**PROVIDED DATA**
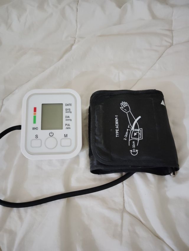 Tensiómetro digital para medir la presión arterial. - Pantalla LCD. - Brazalete incluido - Botones de inicio/parada y memoria.
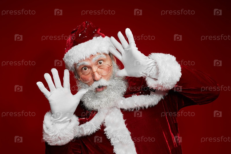 Санта Клаус делает лица против Красного
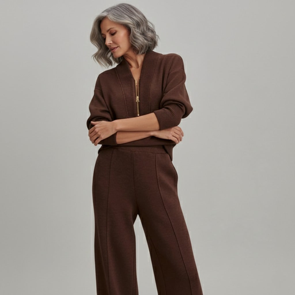 L’ensemble Amélie associe un style décontracté à une finition soignée, idéal pour celles qui recherchent le confort sans renoncer à une allure élégante. Le haut à col zippé apporte une touche moderne et permet d’ajuster le style selon l’occasion, tandis que la maille douce offre une sensation agréable tout au long de la journée.
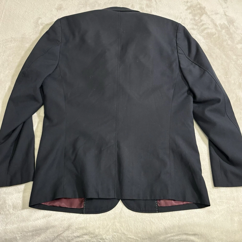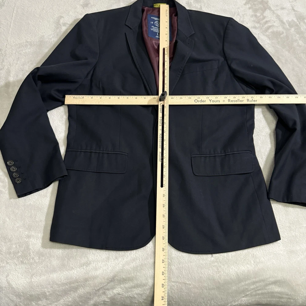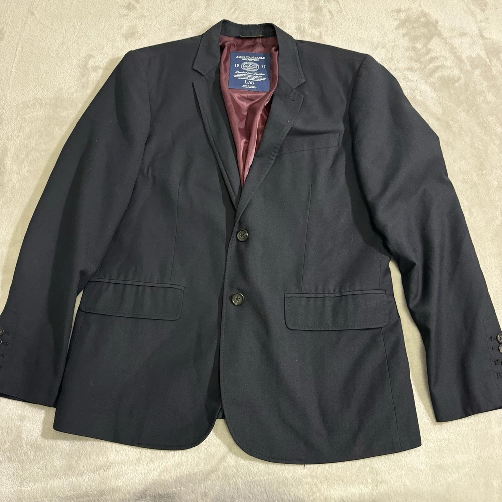 Size: L Number of Pieces: 1 Theme: Sports Size Type: Regular Season: Fall Lining Material: None Jacket Lapel Style: Notch Vintage: No Brand: American Eagle Outfitters Material: Blend Fit: Slim Pattern: Solid Fabric Type: Blend Jacket/Coat Length: Regular Style: Jacket Waist Size: N/A Jacket Front Button Style: Two-Button Jacket Cut: Single-Breasted Type: Blazer Occasion: Business, Casual, Formal, Party/Cocktail, Travel, Wedding Department: Men Color: Blue
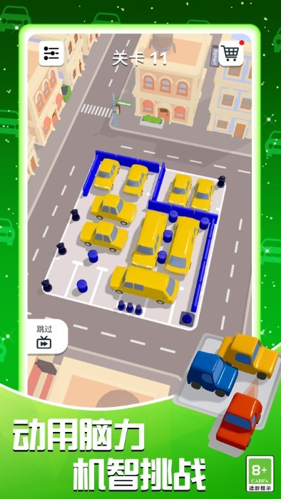 2、玩家需要从杂乱无章的停车场内开出所有的汽车,各种的技巧也可以帮助玩家更好的开出汽车。
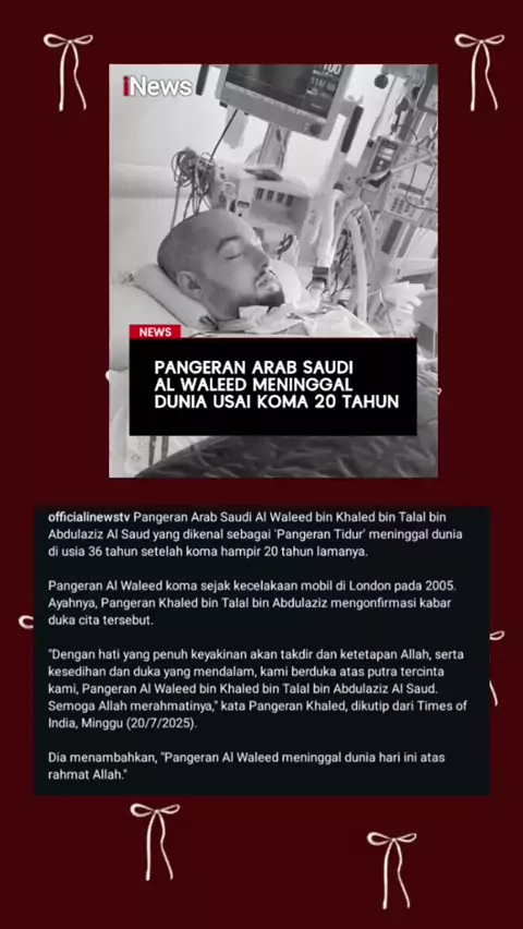 innalillahi wainna ilahiraojiun, pangeran arab saudi meninggal dunia setelah koma selama 20 tahun #pangeranarab #koma #innalillahiwainnalillahirajiun #berduka #
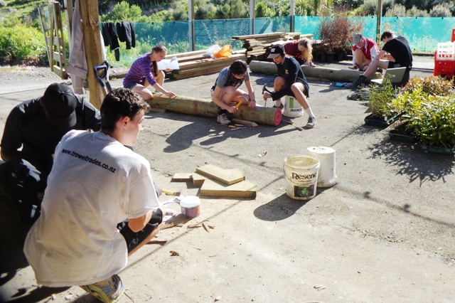 The group had already accomplished everything planned for the week but late on Thursday they decided that they wanted to also leave their mark in the form of benches for the walking track.  They broke into two groups—The A Team and the Z Team!
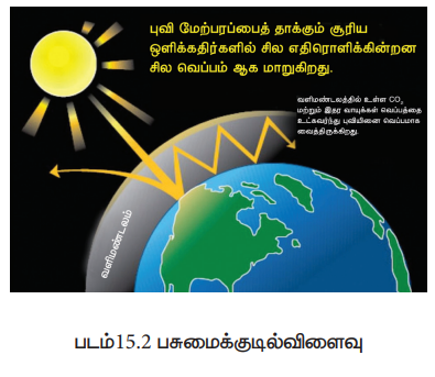 26. பசுமைக்குடில் விளைவு எவ்வாறு உலக வெப்பமயமாதலுக்கு காரணமாகிறது என்பதை விளக்குக.

**TASK BRIEF**
Nothing but the pictures should be left out when the records are retyped exactly.

**RESULT OF THE TASK**
 Tensiómetro digital para medir la presión arterial. - Pantalla LCD. - Brazalete incluido - Botones de inicio/parada y memoria.
 Санта Клаус делает лица против Красного
 L’ensemble Amélie associe un style décontracté à une finition soignée, idéal pour celles qui recherchent le confort sans renoncer à une allure élégante. Le haut à col zippé apporte une touche moderne et permet d’ajuster le style selon l’occasion, tandis que la maille douce offre une sensation agréable tout au long de la journée.
 Size: L Number of Pieces: 1 Theme: Sports Size Type: Regular Season: Fall Lining Material: None Jacket Lapel Style: Notch Vintage: No Brand: American Eagle Outfitters Material: Blend Fit: Slim Pattern: Solid Fabric Type: Blend Jacket/Coat Length: Regular Style: Jacket Waist Size: N/A Jacket Front Button Style: Two-Button Jacket Cut: Single-Breasted Type: Blazer Occasion: Business, Casual, Formal, Party/Cocktail, Travel, Wedding Department: Men Color: Blue
 2、玩家需要从杂乱无章的停车场内开出所有的汽车,各种的技巧也可以帮助玩家更好的开出汽车。
 innalillahi wainna ilahiraojiun, pangeran arab saudi meninggal dunia setelah koma selama 20 tahun #pangeranarab #koma #innalillahiwainnalillahirajiun #berduka #
 The group had already accomplished everything planned for the week but late on Thursday they decided that they wanted to also leave their mark in the form of benches for the walking track.  They broke into two groups—The A Team and the Z Team!
 26. பசுமைக்குடில் விளைவு எவ்வாறு உலக வெப்பமயமாதலுக்கு காரணமாகிறது என்பதை விளக்குக.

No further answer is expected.